Train Separate Models for Each Subgroup*
- Training a separate model is loosely related to adding more data. If we are able to collect “enough” training data for each subgroup, it may make sense to simply build different models. Perhaps different features are relevant for the subgroups. Separating out the models makes the intention clearer that the emphasis is on improving the model performance of each subgroup. On the other hand, training separate models is not easily scalable as we include more types of subgroups to consider. For instance, we may care about the gender and age of the post author in addition to the language of the post. Then training separate models would mean that we would need to train a different model for every possible combination of subgroup identity (e.g., men aged 18-22 speaking English, women aged 18-22 speaking English, etc.)
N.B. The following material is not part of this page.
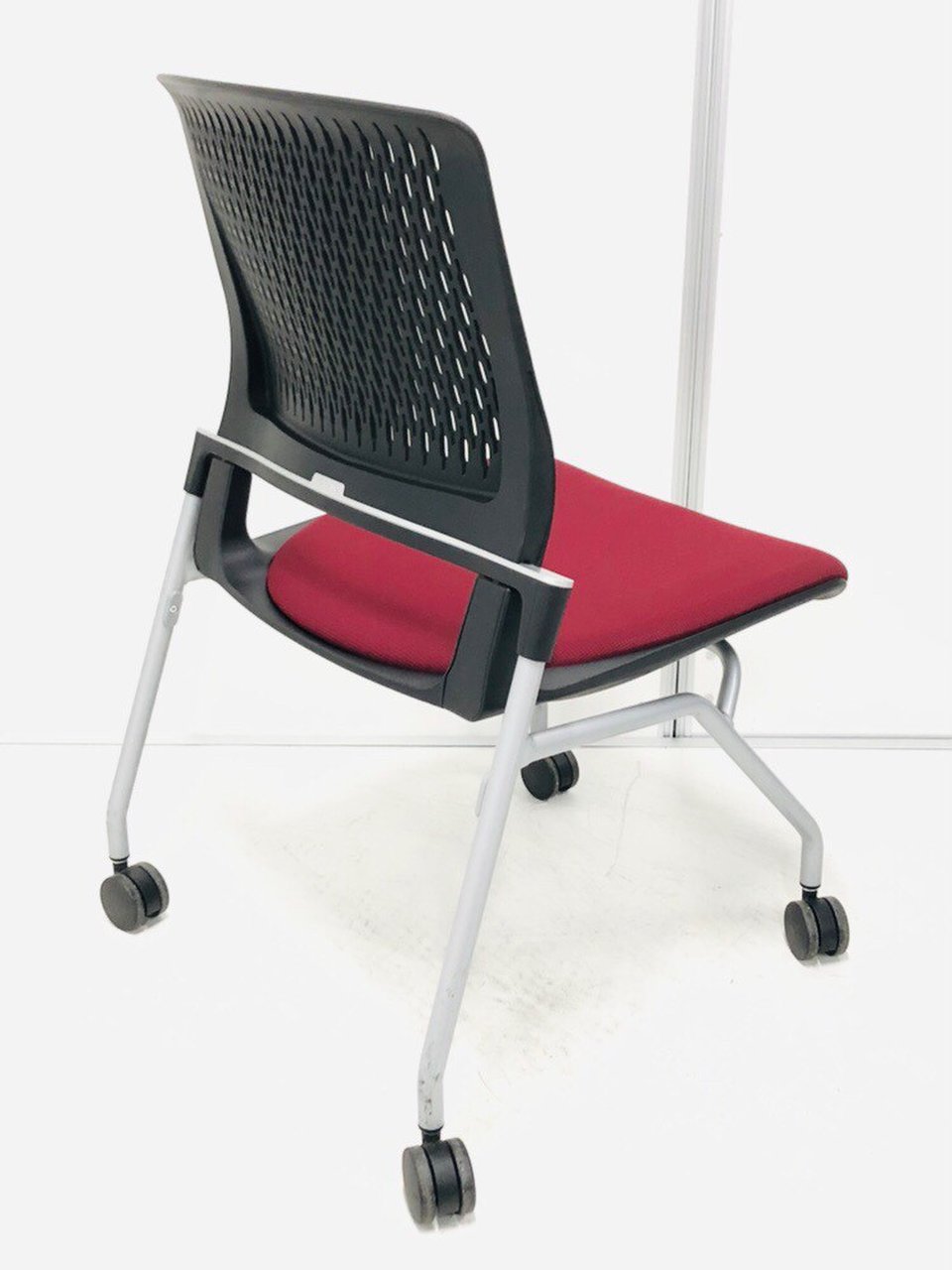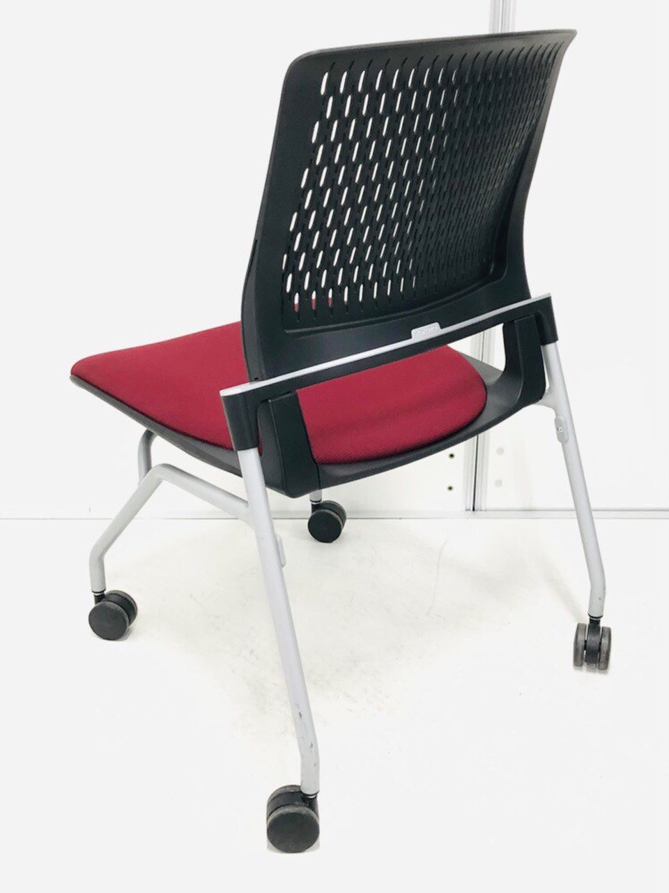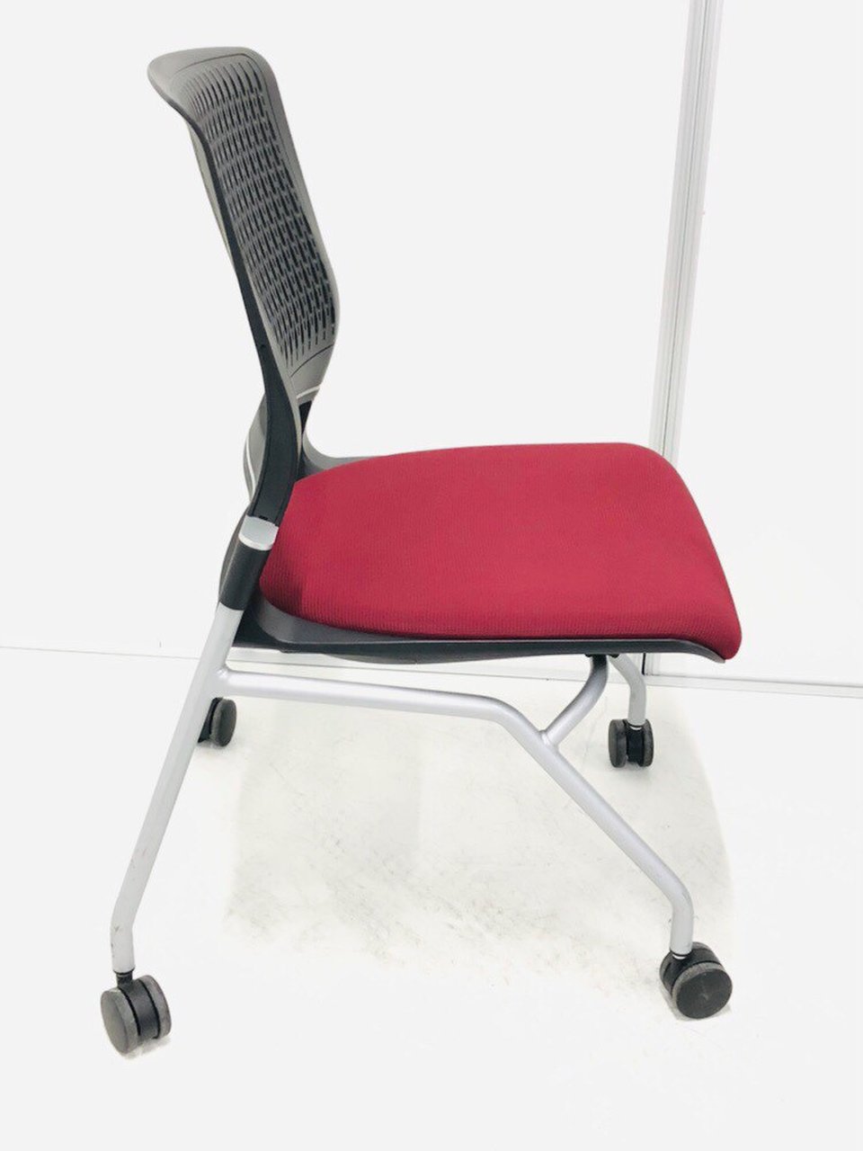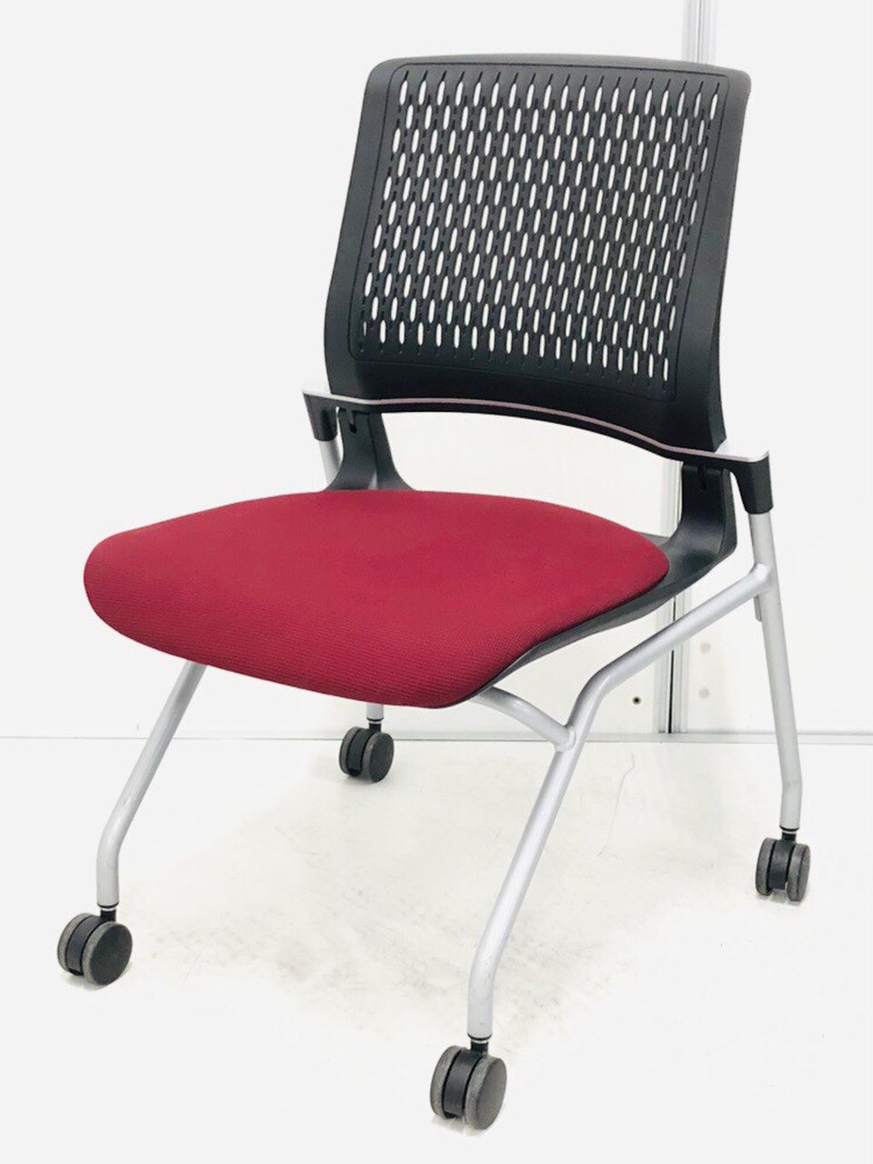 【肘無】【美品】ミーティングスペースにお勧め!コクヨ製/オルディナ/ワインレッド- 在庫数

Add Subgroup Identity as a Feature*
- While adding the subgroup identity as a feature may have some practical sensitivities, the academic literature suggests that supplying the model with more information is generally preferred (see The Measure and Mismeasure of Fairness: A Critical Review of Fair Machine Learning). Subgroup identity is usually most useful to the model when representativeness is an issue. However, consider the hiring algorithm case outlined above. Given a feature for long periods without work, adding in gender as a new feature might allow the model to become more subgroup calibrated in that it learns that long periods without work have different meanings between men and women. Yet, it would still underestimate the performance of men who took family leave and overestimate the performance of men who took leave involuntarily (and make the opposite mistake for women).
Training separate models and adding the subgroup identity as a feature is similar to applying calibration separately for each subgroup in that it introduces procedural inconsistencies among subgroups. In general, the last two methods should be considered as a last resort solution since they don’t directly address the issue of relative underperformance of a subgroup. Nevertheless, sampling additional data from under-represented groups, using more complex models that are able to capture more complex interactions between features, and doing better feature engineering are effective methods for mitigating bias.